One of the major problems that one faces when having to design the future of big urban areas in Europe, is the incredible amount of interlocutors (namely, families, small businesses, sectorial associations…) that today have the financial and juridical means to change the space making the planning process extremely complex, because less predictable. The quantity of solitary scattered objects that today surround all Europe’s main cities is also the result of the democratisation of the decisional process that has made it almost impossible to build certain previsions for the future of a vast urban area.

As we have seen, the dust cloud of massed free-standing buildings that now characterises the borders of the large cities of Europe have risen from an endless repetition of structures with a limited vocabulary of expression.

Yet, this it is not a phenomenon of homologation. This dust cloud is also the product of local societies that have seen a great increase in the number of parties capable of modifying the surrounding spaces, which they do in contravention of every rigid, abstract and indifferent regulations and in defiance of the elite market of "high profile" architecture. Such people, while agreeing to replicate few housing models, are fiercely protective of their individuality.

Penetrating the hybrid fabric of these new landscapes, we can recognise the traces of a society capable of introducing some powerful variation and difference mechanisms into their dominant repetitive and homogenising tendency. A society capable of using a "reduced" building vocabulary to represent, in surprisingly variegated forms, its roots in a specific place out of the many microcosmos that compose it.

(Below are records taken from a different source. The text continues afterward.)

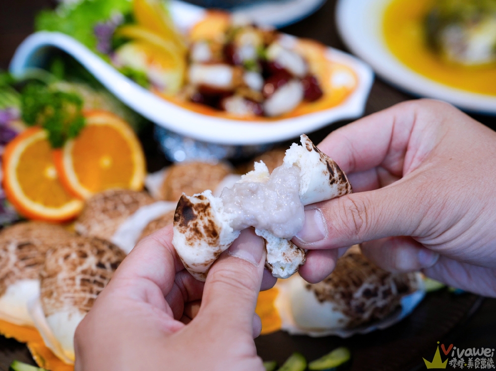 ▲先將蒜頭下鍋油炸,炸到微微金黃色以後再放進去蒸,這樣的香氣會比生蒜頭更有層次感!而一旁的三角豆腐很會吸湯汁,搭配著新鮮的鮑魚一起放入口中,這組合超完美的啦!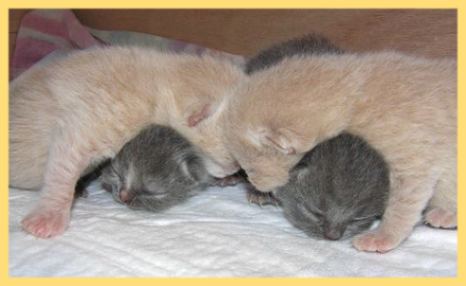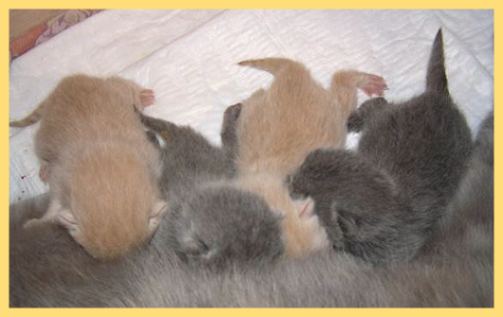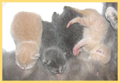 Wir sind sehr stolz und überglücklich die Geburt unserer K-Babys bekannt geben zu dürfen! In den frühen Morgenstunden des 19.05.2008 erblickten 4 Kitten aus der Verpaarung von GIC Harmonie en bleue-creme de Sainte Fare (Luna) & IC OrangeBlue Tom-Tom das Licht der Welt!’ Wir freuen uns sehr über diese Babys; denn es werden die Letzten unserer Luna sein und es sind die Allerersten von Tom-Tom! Es sind zwei cream Jungen, ein blaues Mädchen und ein blau-cream Mädchen - wir sind soooo begeistert von ihnen!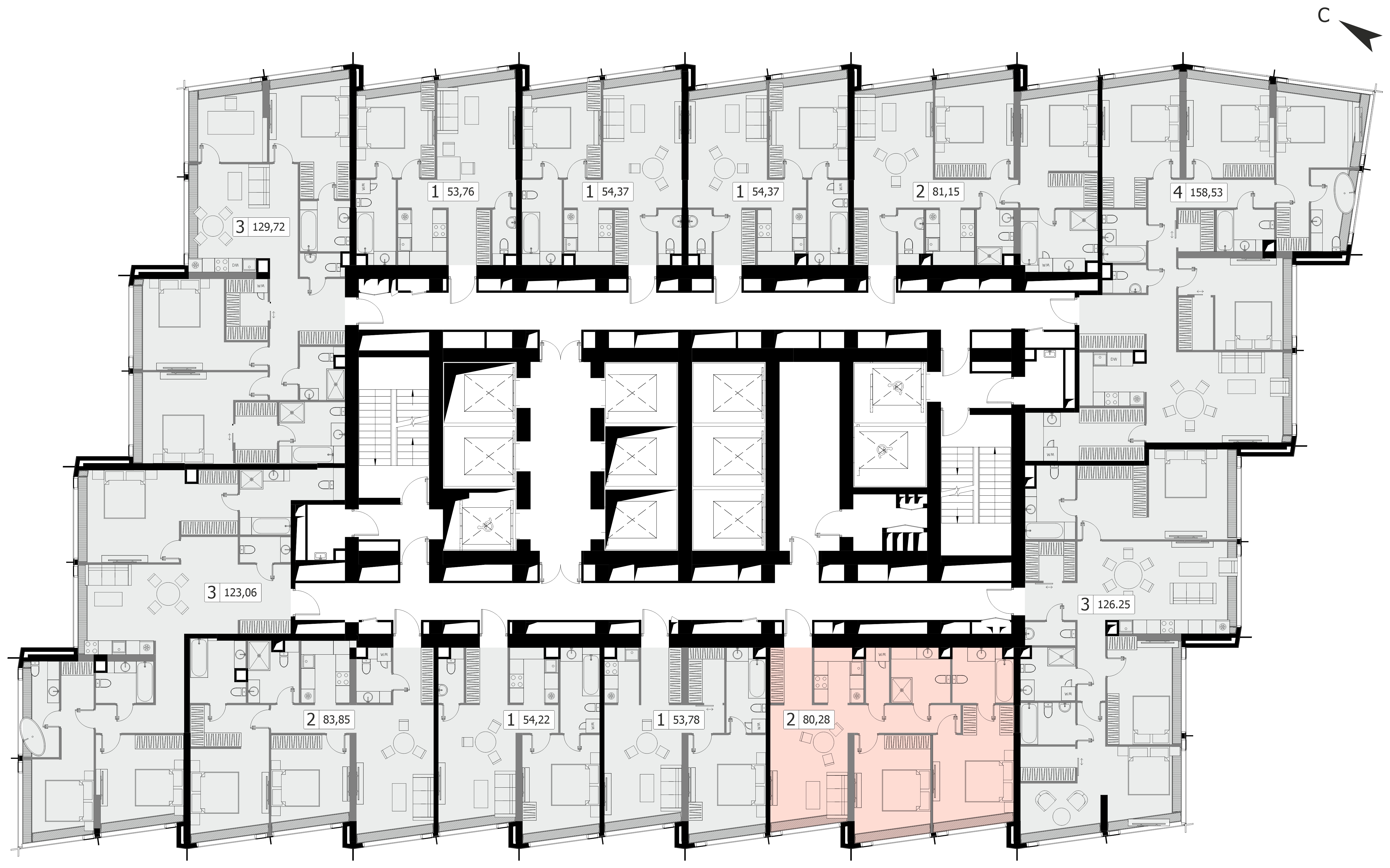 Двухкомнатная квартира №515, 80.8 м², 43 этаж, МФК «Дом Дау»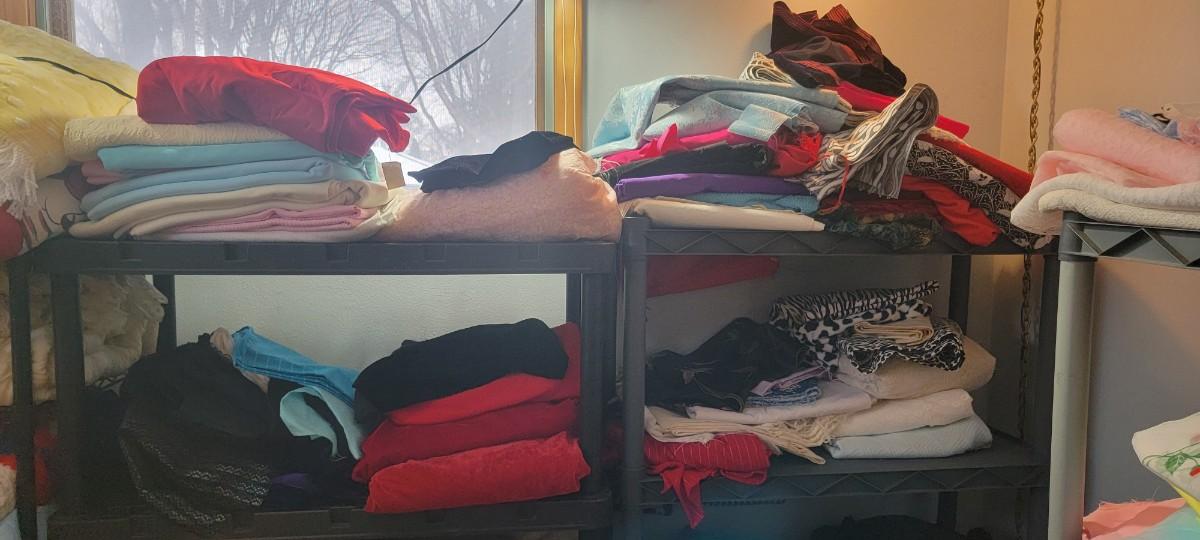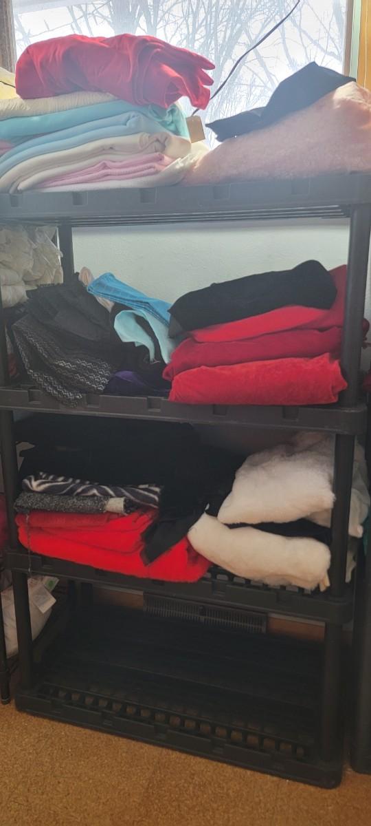 Fabric galore! Assorted colors and textures. Velvet, crushed velvet, polyester . Shelving units excluded.

From an architectural viewpoint, this means two effects:

first, it means that we must analyse this capacity to individualise a short list of standardised models; second, that this means that we have to erase a tradition of “urban projects” that try fix on paper the future of big territorial portions, thinking that it is possible to fully predict and control the development process. Projects that are founded on the illusory notion of the “context”, intended as a continuos and static spatial dimension. Projects that believe that to determine the development of a territory it is enough just to design all that is within the extremes of the field of observation.

Traditionally, we have been accustomed to thinking that for the creation of a project one must first undertake a thorough work of analysis. This leads to the fact that the architectural projects are often overloaded with enormous responsibilities, derived precisely from this vast analysis of the territory where the projects are to be located; superficial, extensive analyses are transposed into superficial, extensive designs, in which an excess of design (based on the perceived need to design all that which is considered “context”) produces, in the end, ambitious, overbearing hypotheses; in short, useless ones.

We have probably to start from the opposite idea; that it is not possible to anticipate nor predetermine totally the future order of the southern Europe contemporary cities; and that it is instead important to decide a few basic conditions, capable of igniting some evolution processes of the economic and cultural life of the city.

We must develop circumscribed solutions, projects of limited spatial extension, yet capable of generating successive and unpredictable transformation paths.

Autonomous devices which, as in a screenplay, are not related one to the other in a deductive way; we have to predict their single feedback and to establish -by using a kind of stereometric strategy - a better condition for the continuation of the process.